- **Work item**: Repeat the data below in full. Pictures must not be part of the copy.

··· Input data ···

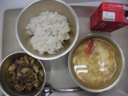 今日の給食の献立は,「玄米ご飯」「トマトとたまごのスープ」「牛乳」「チンジャオロース」です。
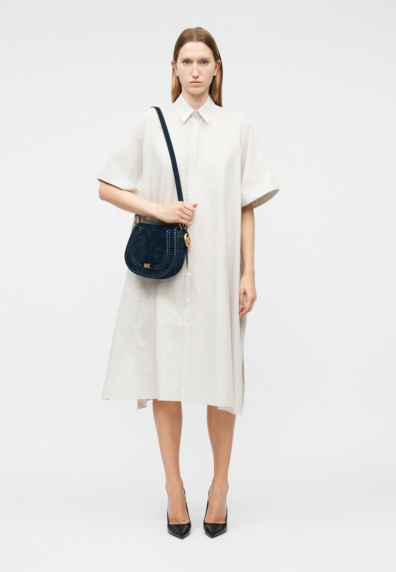 Γυναίκα που φοράει ένα άνετο λευκό φόρεμα με κουμπιά, μαύρα ψηλά τακούνια και μια μπλε σκούρα τσάντα χιαστί με χρυσές λεπτομέρειες, στέκεται μπροστά σε ένα μονόχρωμο φόντο.
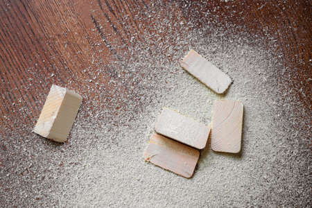 closeup of cut pieces of wood with sawdust on brown wooden floor

···

- **Response to this exercise**:
 今日の給食の献立は,「玄米ご飯」「トマトとたまごのスープ」「牛乳」「チンジャオロース」です。
 Γυναίκα που φοράει ένα άνετο λευκό φόρεμα με κουμπιά, μαύρα ψηλά τακούνια και μια μπλε σκούρα τσάντα χιαστί με χρυσές λεπτομέρειες, στέκεται μπροστά σε ένα μονόχρωμο φόντο.
 closeup of cut pieces of wood with sawdust on brown wooden floor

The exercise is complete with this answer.